The rate to ship 80,000t of crude, or about 550,000 bl of Cold Lake, from Vancouver to China fell to $3mn lumpsum on Wednesday, down by $400,000 from the start of December. That rate, the lowest in more than a month, was equivalent to $5.54/bl for Cold Lake. Suncor put the Esteem Cowboy on subjects for that rate and route loading from 19-20 December. The deal followed a pair of Aframaxes put on subjects earlier in the week for the same route at $3.25mn.

There were approximately 34 Aframaxes available to load out of Vancouver over the next 20-24 days, according to analytics platform Vortexa. That was up from 22 Aframaxes available from the same point in November.

Even with rates falling, demand has kept levels buoyed above where they averaged during the summer months. Canadian heavy waterborne crudes are more competitively priced into China so far in December than grades from the Mideast Gulf. The Vancouver-China Aframax rate dipped below $2mn in June, held above that level for most of July, and hovered just below that level through most of August.

The rate for a USWC-bound voyage was also lower this week compared with last week, though levels remain higher from the dip seen in the middle of November. The Vancouver-USWC Aframax rate has hovered at Worldscale (WS) 250 since 1 December, equivalent to $3.13/bl for Cold Lake, after holding at WS255 since 19 November. The rate for that route dipped to WS230 in the middle of November but rose through the rest of that month, pushed up as the number of available Aframaxes were siphoned away by Asia-Pacific-bound voyages. Direct transpacific shipments remove vessels from the west coast North America market for about 45 days.

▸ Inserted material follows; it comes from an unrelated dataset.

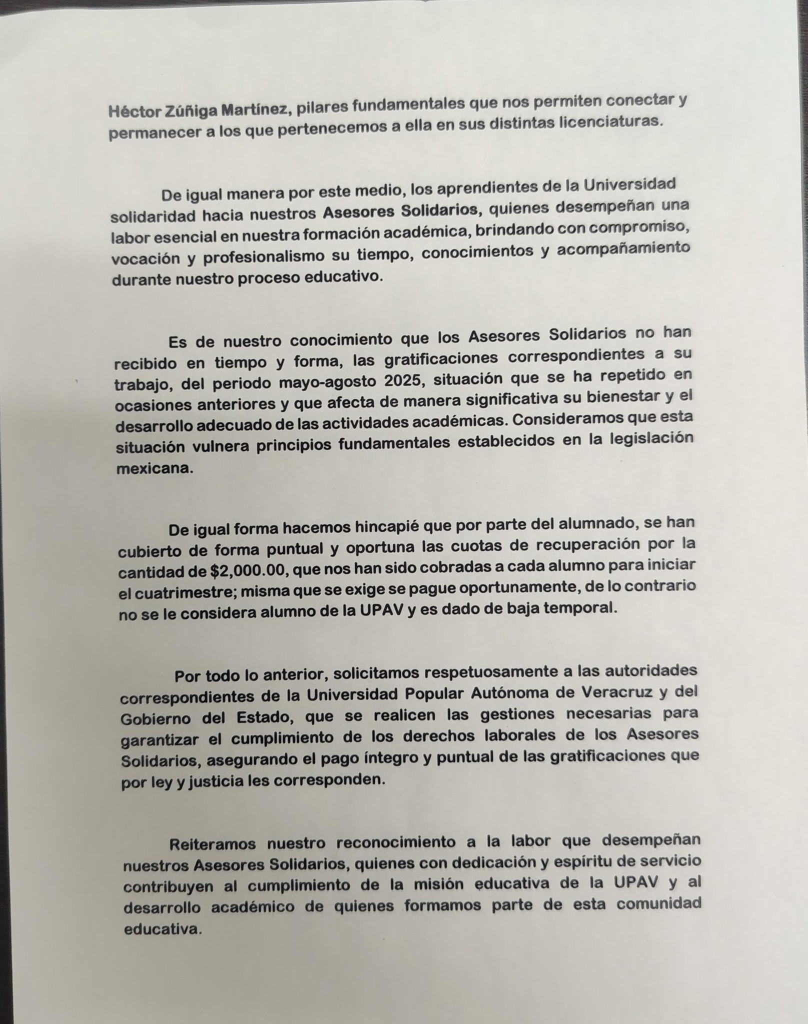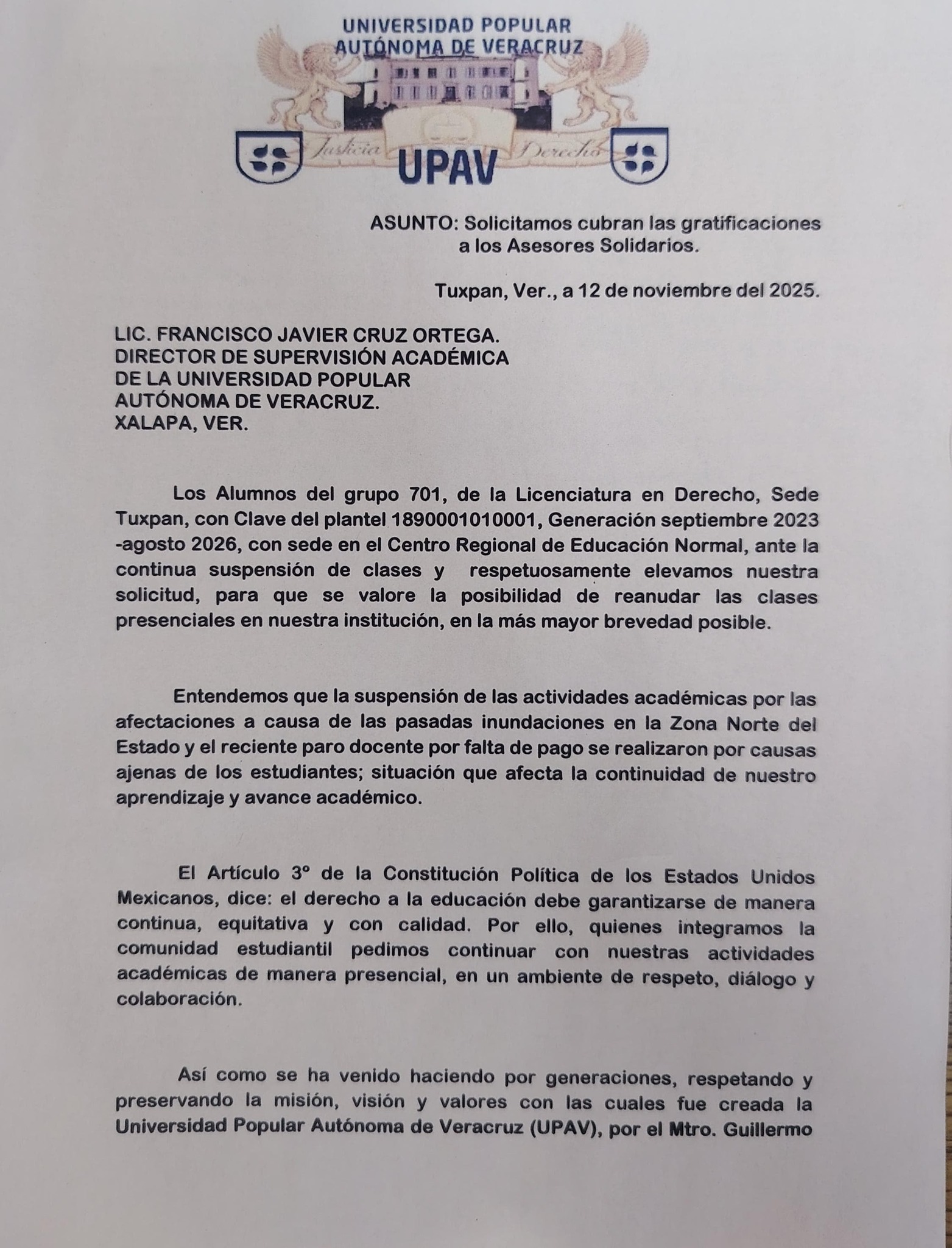 La UPAV está hecha un caos… y ya nadie puede esconderlo. Estudiantes de Derecho del plantel Tuxpan denunciaron que sus maestros llevan MÁS DE SEIS MESES sin recibir un solo peso, pese a que cada alumno paga más de $2,000 por cuatrimestre “sin retrasos, sin pretextos y sin descuentos”.

Charterers' preferences shifted in 2024 to ship crude directly from Vancouver to destinations in Asia-Pacific, as opposed to traveling down the US west coast to discharge onto a very large crude carrier (VLCC) in the Pacific Area Lightering (PAL) zone. But even with US-China port fees on pause for virtually a year, that will likely remain the preference. The direct route saves time and, with VLCC rate still firm, remains cost-effective.